問14:個人型確定拠出年金(iDeCo)への加入と掛金の拠出限度額に関する次の記述のうち、最も適切なものはどれか。

  • 1:国民年金の第1号被保険者がiDeCoに拠出できる掛金の限度額は月額68,000円であり、国民年金基金の掛金または付加保険料を納付している場合は、その額を控除した額となる。
  • 2:企業型確定拠出年金等の企業年金の加入者や公務員は、iDeCoに加入することができない。
  • 3:国民年金の第3号被保険者は、iDeCoに加入することができない。
【第14問:正解と解説】

正解:1

iDeCoの拠出限度額は国民年金の被保険者区分などにより異なり、第1号被保険者は月額68,000円(国民年金基金の掛金・付加保険料を控除)である。企業年金加入者・公務員(月額20,000円)や第3号被保険者(月額23,000円)も加入できる。したがって1が最も適切である。

・1
適切。第1号被保険者の拠出限度額は月額68,000円であり、国民年金基金の掛金または付加保険料を納付している場合はその額を控除した額となる。

・2
不適切。企業型DC・DB等の加入者や公務員等もiDeCoに加入でき、拠出限度額は月額20,000円(企業の掛金等との合計55,000円の範囲内)である。

・3
不適切。第3号被保険者もiDeCoに加入でき、拠出限度額は月額23,000円である。

間違いやすい点
「企業年金がある人・公務員・専業主婦(夫)はiDeCoに入れない」という誤解が典型である。いずれも加入可能であり、異なるのは区分ごとの拠出限度額(68,000円/23,000円/20,000円)である。


重要度:A 論点:私的年金・退職準備制度

問15:小規模企業共済制度および中小企業退職金共済制度(中退共)の掛金に関する次の記述のうち、最も適切なものはどれか。

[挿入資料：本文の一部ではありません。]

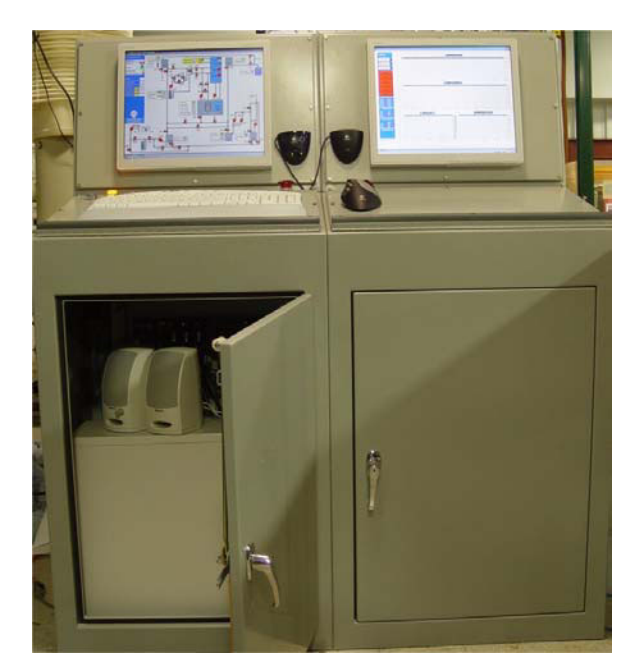
Figure 2: Control panel

All valves (PVDF with viton o-rings) are air driven with spring back return in order to allow for a safe positioning in case of failure. They are equipped with limit switches and manual override. The pumps are air driven, piston or diaphragm type. Both valves and pumps are controlled by solenoidal 24VDC valves rack mounted outside the chemical room. This choice reduces the amount of acid-sensitive or electrically powered elements in the room.
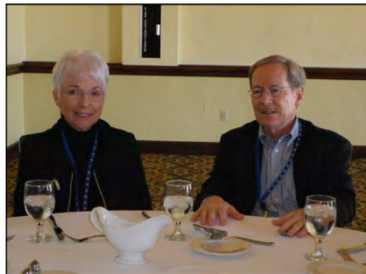
WRSA as a family affair...

  • 1:小規模企業共済の掛金月額の上限は、30,000円である。
  • 2:小規模企業共済の掛金月額は、10,000円単位でのみ設定することができる。
  • 3:中退共の通常の掛金月額は、5,000円から30,000円までの16種類の中から選択する。
【第15問:正解と解説】

正解:3

小規模企業共済の掛金月額は1,000円から70,000円までの範囲内で500円単位で設定でき、中退共の通常の掛金月額は5,000円から30,000円までの16種類から選択する。中退共を正しく述べた3が最も適切である。

・1
不適切。小規模企業共済の掛金月額の上限は70,000円である。30,000円は中退共の通常掛金の上限であり、混同に注意する。

・2
不適切。小規模企業共済の掛金月額は1,000円から70,000円までの範囲内で500円単位で設定できる。

・3
適切。中退共の通常の掛金月額は5,000円から30,000円までの16種類から選択する。なお、短時間労働者には2,000円・3,000円・4,000円の特例掛金がある。

間違いやすい点
70,000円(小規模企業共済の上限)と30,000円(中退共の通常掛金の上限)の入替えが典型の誤りである。「経営者向けの小規模企業共済は上限が大きい」と対象者とセットで覚えるとよい。